Jun Zhang, MD, PhD: Our surgeons have had concerns about whether immunotherapy induces some toxicity, so that a patient would no longer be a perfect candidate for surgery or that there’s some delay. But based on those clinical trials, they are now more convinced. We need to do something in early stage lung cancer. But for surgery, there’s a big change, and they’re really into it now. In fact, we also have clinical trials using neoadjuvant immune checkpoint inhibitors.

Benjamin P. Levy, MD: For those patients who are going on neoadjuvant trials, is there patient reluctance? Or are patients saying, “I just want this out. I don’t want to wait to get the treatment.”? We’ve run into this issue before. We thankfully got the surgeon and the medical oncologist on board. But the patient said, “I don’t want to wait. I’ve been taught that this needs to come out. I’ve always been told cure is achievable through surgery.” Is that happening at other institutions? Dr Zhang, go ahead.

Jun Zhang, MD, PhD: Yeah. In fact, I have patients like this. I have a guy who just wants to get this done as soon as possible. Of course, when you discuss neoadjuvant clinical trials, mention potential risks, etc, they don’t want to lose any chance that their cancer can’t be resected. Certainly there is, but I would say the majority of patients are interested in participating in a clinical trial that hopefully offers longer survival or a chance for cure.

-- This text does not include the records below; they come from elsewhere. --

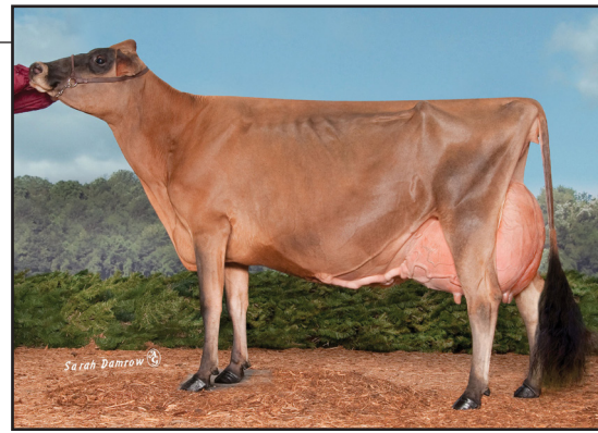
KILGUS GOVERNOR MAID {4}, E-94% GREAT GRANDAM OF LOT 1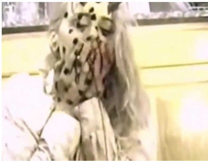
Fig 3.3 - Still from Busted Babies (2024)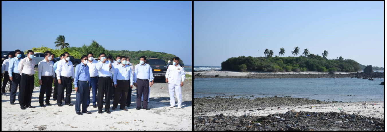
Prime Minister inspecting the conditions of constructing a road connecting Jerry Island and the main island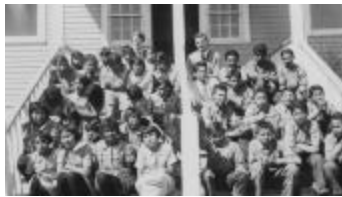
Morley Residential School with United Church (a034749)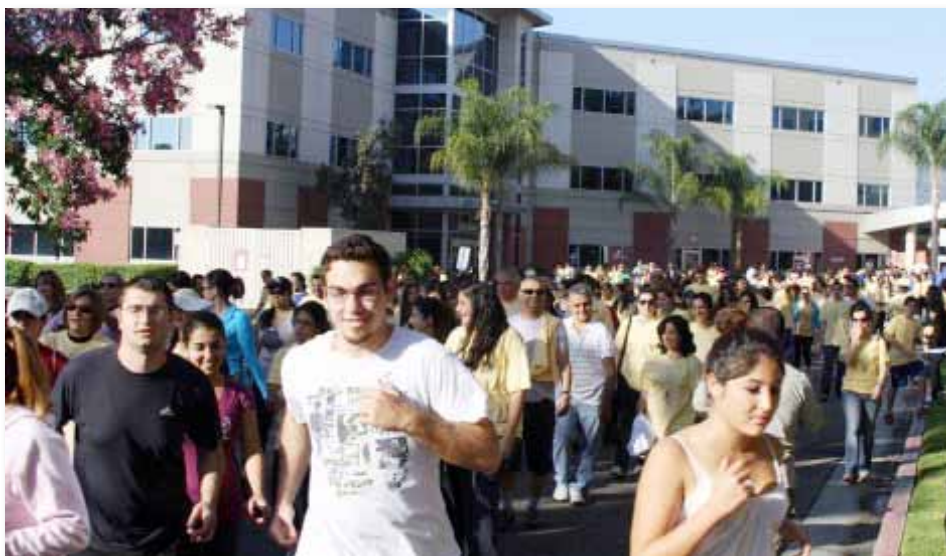
The young generation in action.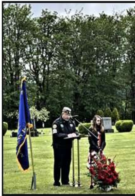
Memorial Day Ceremony 2022

The American Legion Renton-Pickering Post 79 of Snoqualmie will be conducting some activities around the Valley this upcoming Memorial Day, including a Memorial Day ceremony at the Fall City Cemetery.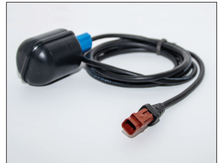
Clicks in place quickly and easily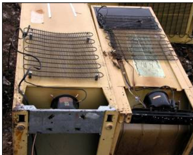
Prohibited: If Freon/CFC systems are intact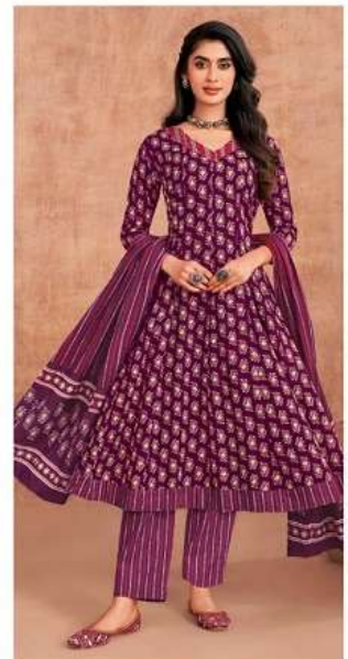
D No. 1116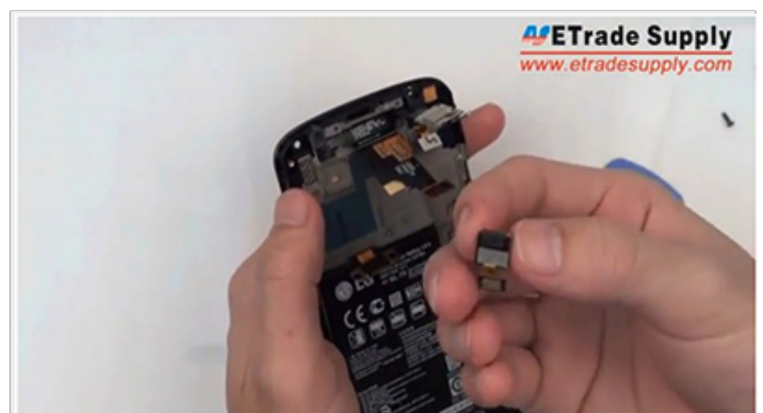
14 10. Remove the front facing camera and rear facing camera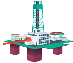
Oil and Gas

Choose from the wide range of courses, in various subject areas and disciplines, learn best practices, and gain hands-on experience that will improve performance.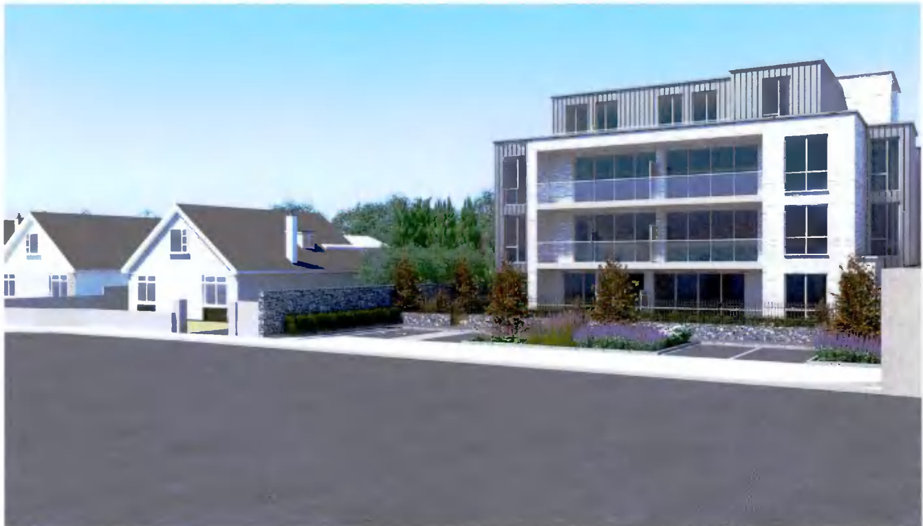
Reference Image 8: Proposal (View of subject site from Ardeevin Drive)

Ravi Salgia, MD, PhD: I agree completely, Dr Zhang. In the old days, it used to be much more of an issue. If it were some cytotoxic therapy, or given in combination with bevacizumab, patients were reluctant. But this doesn’t happen as much now because patients are seeing this information flow through on social media. You even commercials on TV. Patients want to be part of an interesting and important clinical trial, and I certainly think it will become standard of care for us in the next few years.

Benjamin P. Levy, MD: One last question. For patients who are EGFR mutant, is this the right modality? Let’s say we know that they’re EGFR mutant from the biopsy, not necessarily from the surgical resection. Do we pump the brakes on neoadjuvant immunotherapy given that we’ve got a great adjuvant drug? Do we not have enough data? This is a tough one. Dr Naidoo, I see you’re thinking hard about this one.

Jarushka Naidoo, MBBCh: Yeah, no data. We encountered this a couple of times in various different patients who were being considered. In many of the neoadjuvant studies, these patients are not necessarily excluded. We know this was the case for PACIFIC as well, which I know we’ll get to. It opens up a bit of a quagmire for what to do next in the patients who have received immunotherapy. It’s an evolving experience. Obviously, we’ll discuss that in the context of PACIFIC. But right now, these patients are definitely being enrolled, and we will have to see whether they derive equivalent benefit, don’t derive the same benefit, or have different toxicities. Until we have the data, it wouldn’t behoove us to exclude these patients from this opportunity in case they may benefit.

Benjamin P. Levy, MD: Any parting words on the role of neoadjuvant immunotherapy for EGFR-mutant lung cancer?

Ravi Salgia, MD, PhD: Yeah, I’m not a fan, to be honest. I think these tumors are cold tumors. Are we doing a service for our patients, knowing the data for stage IV disease and then applying it to early stage disease? I’m not necessarily sure. It’s clinical-based evidence rather than evidence-based medicine. Without haing that trial, I just don’t know if it’s appropriate to put your EGFR or ALK patients on these trials. We have to be very concerned about that. That’s why we do next-generation sequencing for everyone. Then we have that discussion with our patients.

Benjamin P. Levy, MD: All good points.